Case Study: Successful Securitisation of Real Assets in Switzerland
Introduction
The securitisation of real assets has become a pivotal financial strategy in Switzerland, offering a robust framework for businesses to optimize their asset management. By transforming illiquid assets into tradable securities, companies can unlock new streams of capital and enhance financial flexibility.
This case study explores a successful securitisation project in Switzerland, highlighting the key steps and benefits of this financial innovation.

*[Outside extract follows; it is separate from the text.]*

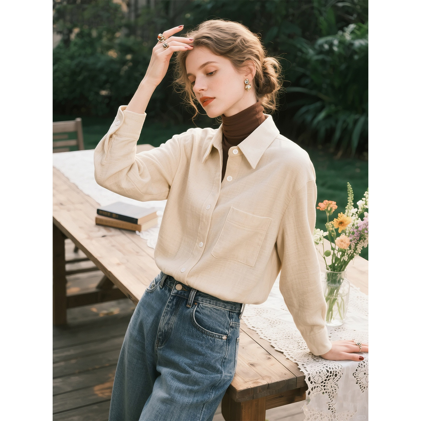 - 长袖衬衣女亚麻衬衫

Understanding Securitisation
Securitisation involves pooling various types of contractual debt, such as mortgages or loans, and selling their related cash flows to third-party investors as securities. This process can provide liquidity and reduce risk exposure for the originating company.
In Switzerland, the regulatory environment is highly supportive of securitisation, with well-defined legal structures and tax incentives that encourage businesses to engage in this financial practice.
Benefits of Securitisation
The primary benefits of securitisation include:
- Increased Liquidity: Converting assets into securities allows organizations to free up capital.
- Risk Management: By distributing risk to investors, companies can stabilize their financial standing.
- Access to Capital: Securitisation can provide access to a broader range of investors.

The Swiss Case Study
In this case study, we examine a Swiss real estate company that successfully securitised a portfolio of commercial properties. The company aimed to leverage its real assets to gain liquidity and access new investment opportunities.
The process involved collaboration with financial advisors and legal experts to structure the securities and ensure compliance with Swiss regulations. The company issued bonds backed by the cash flows from their properties, attracting both domestic and international investors.
Steps in the Securitisation Process
The securitisation process followed these key steps:
- Asset Identification: Selecting suitable assets with predictable cash flows.
- Structuring the Securities: Designing bonds that appeal to potential investors.
- Regulatory Compliance: Ensuring adherence to Swiss financial laws and tax codes.
- Marketing and Sale: Promoting the securities to attract diverse investors.

Outcomes and Impact
The securitisation enabled the Swiss company to raise significant capital, which was reinvested into expanding their property portfolio and enhancing operational efficiency. This strategy not only improved liquidity but also strengthened the company’s market position.
Investors benefited from stable returns and exposure to the Swiss real estate market, while the company reduced its risk profile by diversifying its funding sources.
Conclusion
This case study illustrates the potential of securitisation as a strategic financial tool in Switzerland. By leveraging real assets, companies can enhance liquidity, manage risk, and access new investment opportunities. As the financial landscape continues to evolve, securitisation remains a viable and advantageous option for businesses seeking to optimize their asset portfolios.